# Tatang



## SFC JeffJ (Oct 14, 2006)

This is my new "It Must Be Mine!!!!" knife.
http://www.uscav.com/Productinfo.aspx?ProductID=10584&TabID=1&CatID=5230


Sorta a "mini-barong" with a sub hilt and a back edge.

Good price too!


----------



## Rich Parsons (Oct 14, 2006)

I would like to hold one, to see if it fits, but it looks nice.


----------



## Lisa (Oct 14, 2006)

That is a nice knife but Jeff, you have an addiction my friend and I think you need a 12 step program.


----------



## SFC JeffJ (Oct 14, 2006)

Lisa said:


> That is a nice knife but Jeff, you have an addiction my friend and I think you need a 12 step program.


Of all the posts for my wife to be looking over my shoulder while reading...jeesh.


----------



## Lisa (Oct 14, 2006)

JeffJ said:


> Of all the posts for my wife to be looking over my shoulder while reading...jeesh.

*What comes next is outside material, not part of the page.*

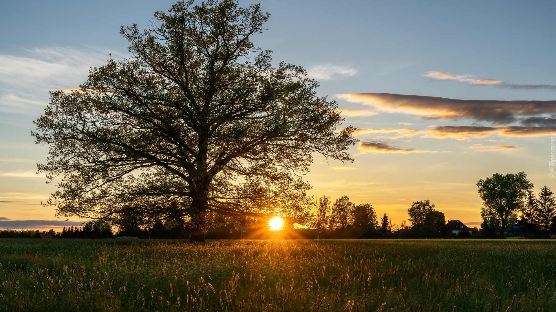 Edytor tapety: Drzewo na łące w promieniach słonecznych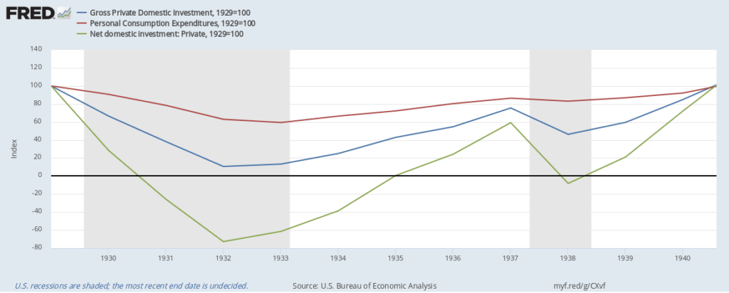 Practically everyone agrees that inadequate investment held back the recovery. A glance at the chart below, showing percentage changes in net and gross private investment and consumption spending since the start of 1929, should suffice to drive home just how little investment there was.

that's cause she agrees with me


----------



## SFC JeffJ (Oct 14, 2006)

Lisa said:


> that's cause she agrees with me


That's it, you two are NEVER meeting!  One woman trying to help me is enough!!


----------



## Brian R. VanCise (Oct 15, 2006)

It is a good addiction Jeff!


----------



## SFC JeffJ (Oct 15, 2006)

Ya know, it wasn't till about a week or so ago I realized I collected knives.  I tend just to buy functional ones, and when I get a new one, it's usually because I like some aspect of its functionality a bit better.  But after seeing all my various knives together in one place while doing a bit of reorganization, it hit me.

Jeff


----------